_Task to carry out:_ Without the pictures, repeat the listing character for character.

┄┄┄┄┄┄┄┄┄┄

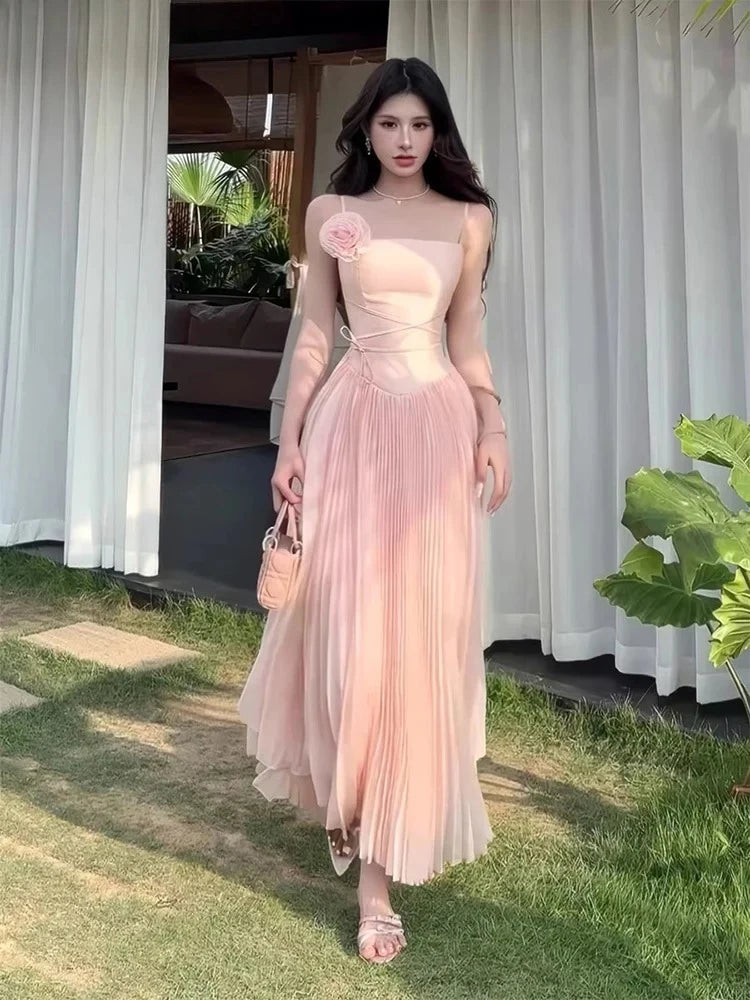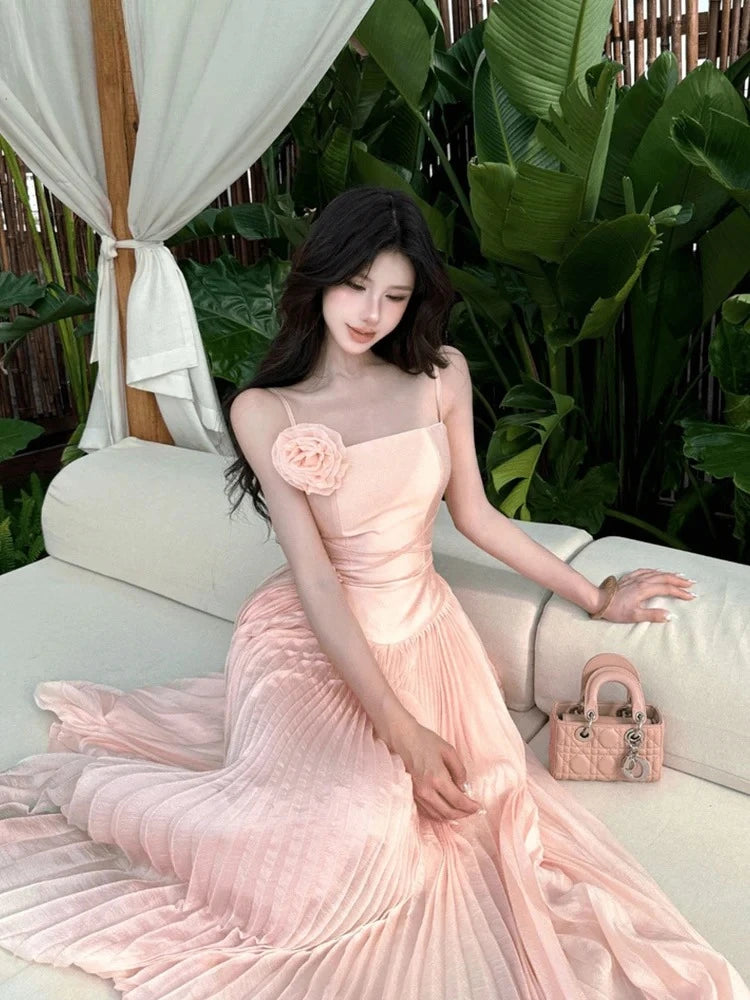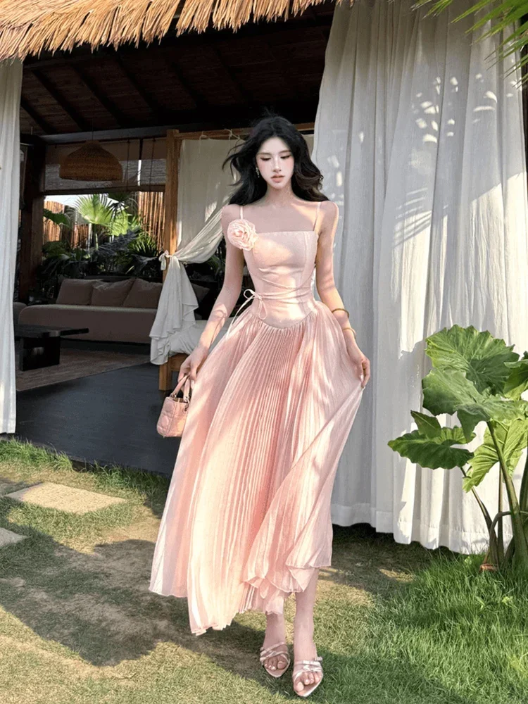 KYLETHOMASW - Holiday Style French Sexy Suspender Long Dress Women's High Sense Temperament Sweet High-waist Pendulum Party Maxi Dresses
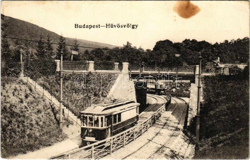 Budapest II. Hűvösvölgy, villamosok a felüljáróval. Vasúti levelezőlap...
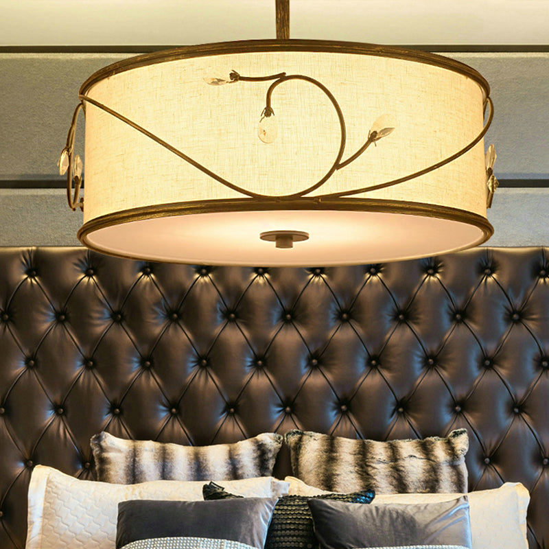 Plafonnier semi-monté en tissu à tambour classique - 5 lumières - Lin - 16"/19,5" de large
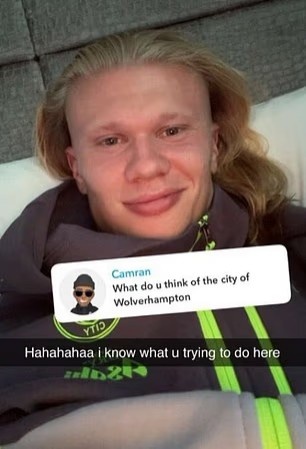 球迷问哈兰德对狼队所在城市的见地,哈兰德:思给我下套是吧
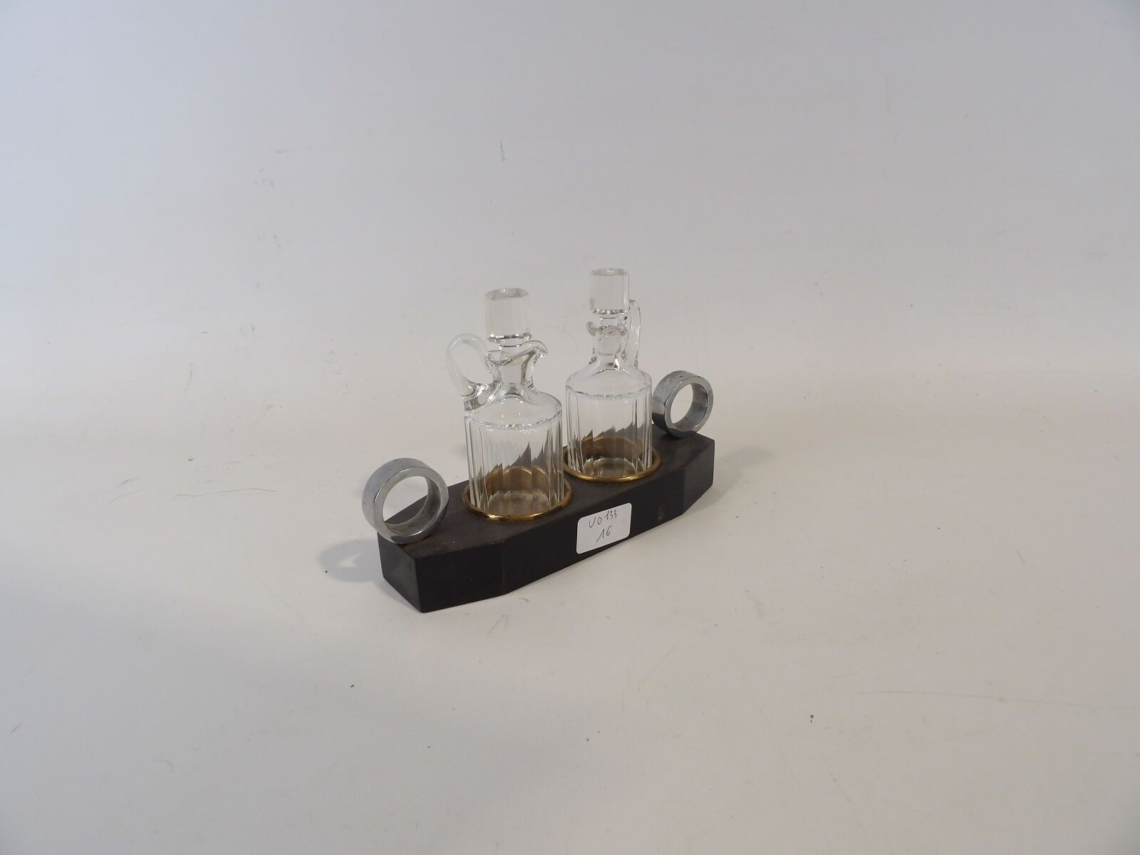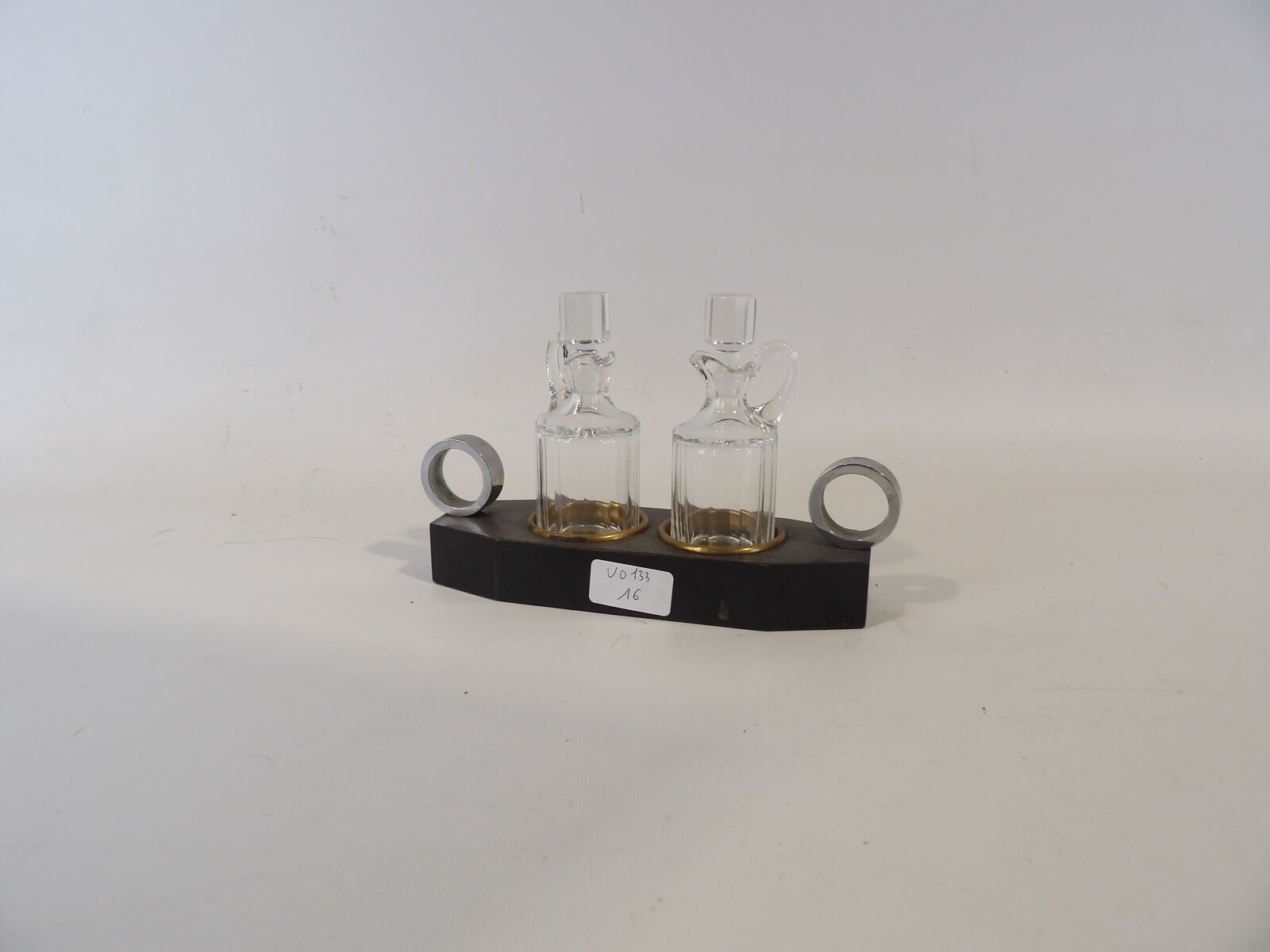Art Deco style oil and vinegar cruet with 2 glass bottles and stained wood and metal base, 20th century, used condition.

┄┄┄┄┄┄┄┄┄┄

_Response:_
 KYLETHOMASW - Holiday Style French Sexy Suspender Long Dress Women's High Sense Temperament Sweet High-waist Pendulum Party Maxi Dresses
 Budapest II. Hűvösvölgy, villamosok a felüljáróval. Vasúti levelezőlap...
 Plafonnier semi-monté en tissu à tambour classique - 5 lumières - Lin - 16"/19,5" de large
 球迷问哈兰德对狼队所在城市的见地,哈兰德:思给我下套是吧
Art Deco style oil and vinegar cruet with 2 glass bottles and stained wood and metal base, 20th century, used condition.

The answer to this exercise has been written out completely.